ONGC Videsh Ltd (OVL), the overseas investment arm of state-owned Oil and Natural Gas Corp (ONGC), had in 2008 discovered a giant gas field in the Farsi offshore exploration block.
OVL and its partners had offered to invest up to $11 billion for the development of the discovery, which was later named Farzad-B.
PTI had on October 18, 2020, reported that NIOC had informed OVL of its intention to conclude the contract for Farzad-B development with an Iranian company, in an apparent rejection of the Indian firm’s bid.
After this, it kept sitting on OVL’s investment proposal for years.
The 3,500 square kilometre Farsi block sits in a water depth of 20-90 metres on the Iranian side of the Persian Gulf.
OVL, with 40 per cent operatorship interest, signed the Exploration Service Contract (ESC) for the block on December 25, 2002. Other partners included Indian Oil Corp (IOC) with a 40 per cent stake and Oil India holding the remaining 20 per cent stake.
OVL discovered gas in the block, which was declared commercially viable by NIOC, on August 18, 2008. The exploration phase of the ESC expired on June 24, 2009.
The firm submitted a Master Development Plan (MDP) of Farzad-B gas field in April 2011 to Iranian Offshore Oil Company (IOOC), the then designated authority by NIOC for the development of Farzad-B gas field.
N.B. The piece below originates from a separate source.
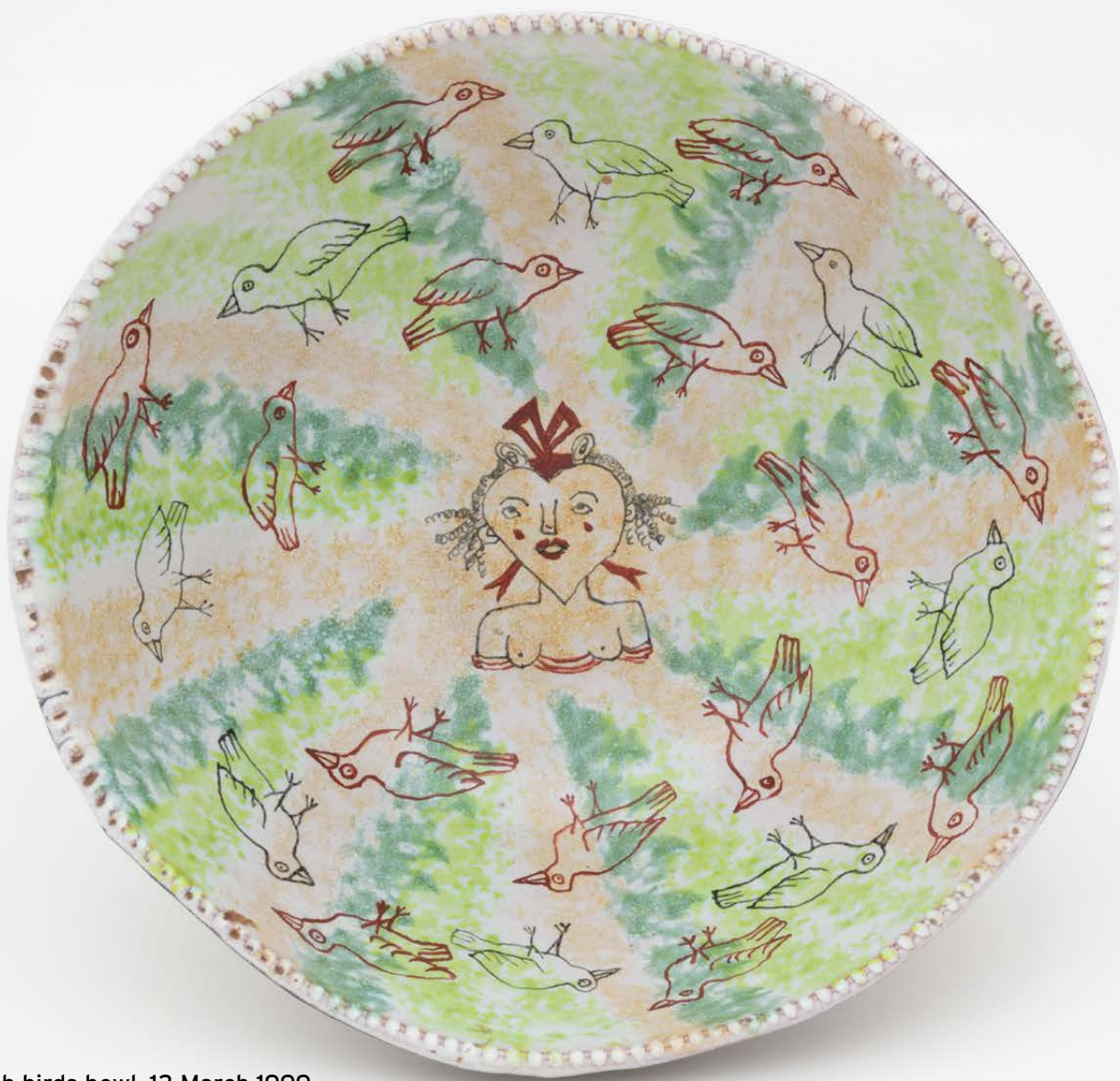
Lady with birds bowl, 12 March 1999

A Development Service Contract (DSC) of the Farzad-B gas field was negotiated till November 2012, but could not be finalized due to difficult terms and international sanctions on Iran.
In April 2015, negotiations restarted with Iranian authorities to develop the Farzad-B gas field under a new Iran Petroleum Contract (IPC). This time, NIOC introduced Pars Oil and Gas Company (POGC) as its representative for negotiations.
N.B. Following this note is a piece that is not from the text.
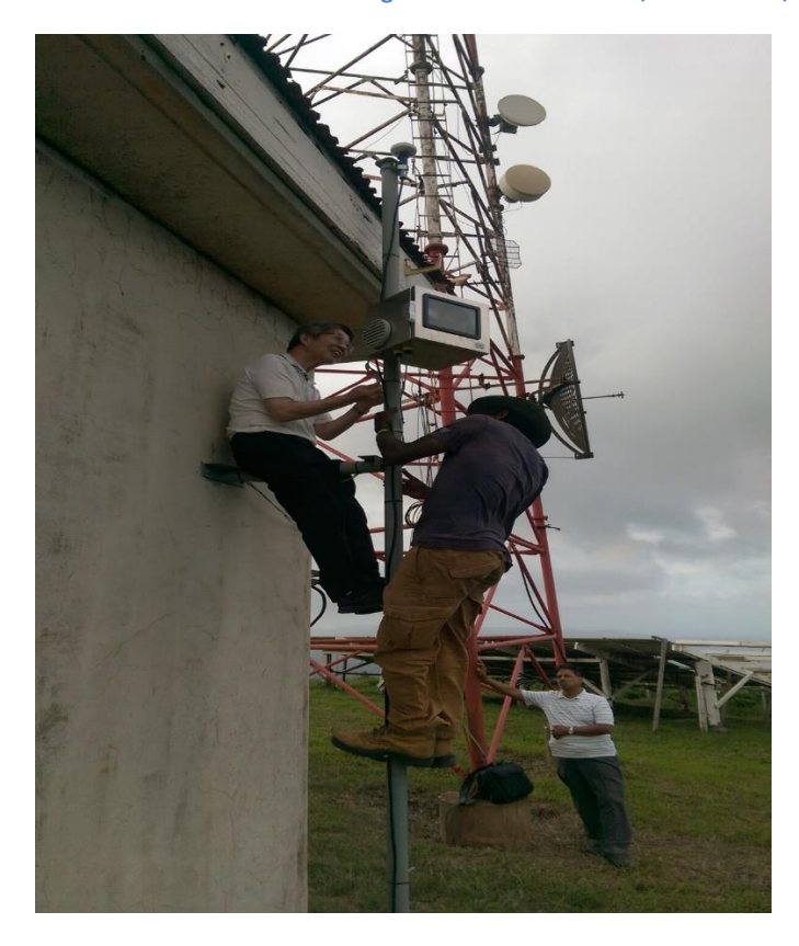
Figure 4 Final Camera Installation Hill552 Tanna

From April 2016, both sides negotiated to develop the Farzad-B gas field under an integrated contract covering upstream and downstream, including monetization/marketing of the processed gas. However, negotiations remained inconclusive.
Meanwhile, on the basis of new studies, a revised Provisional Master Development Plan (PMDP) was submitted to POGC in March 2017, sources said, adding that in April 2019, NIOC proposed development of the gas field under the DSC and offtake of raw gas by NIOC at landfall point.
However, due to the imposition of US sanctions on Iran in November 2018, technical studies could not be concluded which is a precursor for commercial negotiations.
The Indian consortium has so far invested around $400 million in the block.